Zatanna takes up residence at an old friend's home, and is a little worried to find her mysteriously gone...

Roll Call: Martian Manhunter, Elongated Man, Zatanna, Vixen, Steel, Vibe, Gypsy

Notable Moments: Things take an extraordinary dark turn with this issue--the JLA, homeless? Having to get jobs? Now that they don't have the ability to live and train together, the whole reason Aquaman formed the new League in the first place is gone.

There's a real melancholy to the stories from this period, the kind of feeling you get when you're working for an employer who keeps laying people off until there's only a small group of you working in a space that used to be bustling with life. You wonder, should I jump ship before its too late? You have to think people like Ralph and Zee looked at each other, wondering where the heck the JLA they called home for so long has gone.

Part of the feeling derives from Luke McDonnell's work--its very well done, but most of the scenes takes place at night, drenched in shadow, and it gives a sort of gloomy feeling to the proceedings.

3 comments:

Anonymous said...

JLA was never the same for me after this issue. The next few months are just...crap...compared to the previous year.
I don't know exactly what the circumstances were for such a quick departure by Alan Gold...so I guess they actually did can his @$$ for screwing up the JLA. Which is a bit unfair, since the really bad issues came after all the 'Detroit' revamping had been undone.He doesn't seem to have done anything since then, and is apparently not online, so I guess we won't know his side of the story any time soon.

Earth 2 Chris said...

Once again, I blocked out an issue I owned, since I have this issue (or had it). I probably bought it thinking the REAL JLA HAD to come back soon, since the current lineup was getting the boot. Boy was I wrong.

Rather than take the fan reaction and turn things around, it seems like the PTB just wanted to wallow in their own "suckness". I know Conway said he wanted to bring back the old JLA but was told he couldn't.

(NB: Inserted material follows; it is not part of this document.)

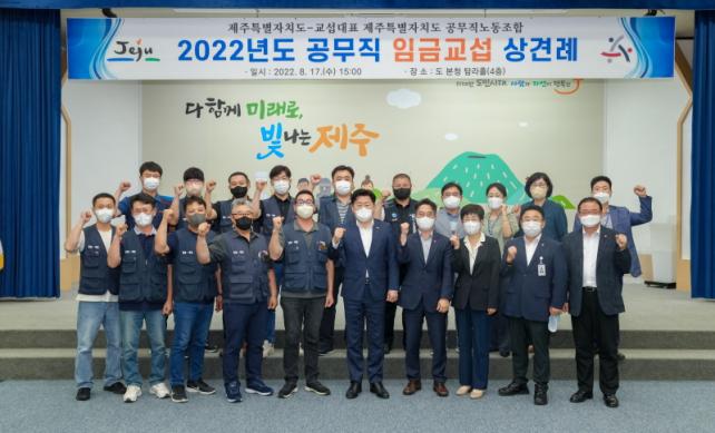 À̳¯ »ó°ß·Ê¿¡´Â ³ë»ç ´ëÇ¥±³¼·À§¿øÀÎ ¿À¿µÈÆ Á¦ÁÖµµÁö»ç¿Í È«Á¤Çõ °ø¹«Á÷³ëµ¿Á¶ÇÕ À§¿øÀåÀ» ºñ·ÔÇØ ³ëÁ¶ °ü°èÀÚ¿Í µµ‧ÇàÁ¤½Ã ±³¼·À§¿ø µîÀÌ Âü¿©Çß´Ù. ¾Õ¼ °ø¹«Á÷³ëµ¿Á¶ÇÕÀº 2022³â °ø¹«Á÷ ÀÓ±ÝÇù¾à ¿ä±¸(¾È)À» È®Á¤Çϰí Áö³ 7¿ù 4ÀÏ Á¦ÁÖµµ¿¡ Á¦ÃâÇß´Ù. ³ëµ¿Á¶ÇÕÀº ±âº»±Þ, Á¶Á¤¼ö´ç, µî±Þ ¹× È£ºÀ±¸°£ Àλó ¹× Ư¼ö¾÷¹« ¼ö´ç °ü·Ã »çÇ×À» ÀÓ±ÝÇù¾à(¾È)¿¡ ´ã¾Ò´Ù.

I have never understood marketing that says" Give them what they hate and hope they buy it anyway."

I agree McDonnell's art turned the rather depressing events even darker with his moody artwork. He was much better suited to Suicide Squad, which he started after this run FINALLY ended.

Chris

Glmmrtwn said...

Ironically, this was the first issue I received on my JLA subscription, so I was stuck with such a depressing comic for the next 12 months! And I totally agree with the comments about Luke McDonnell's work making things more depressing. I've enjoyed his work on other things & never really felt Bill Wray was the right inker for him.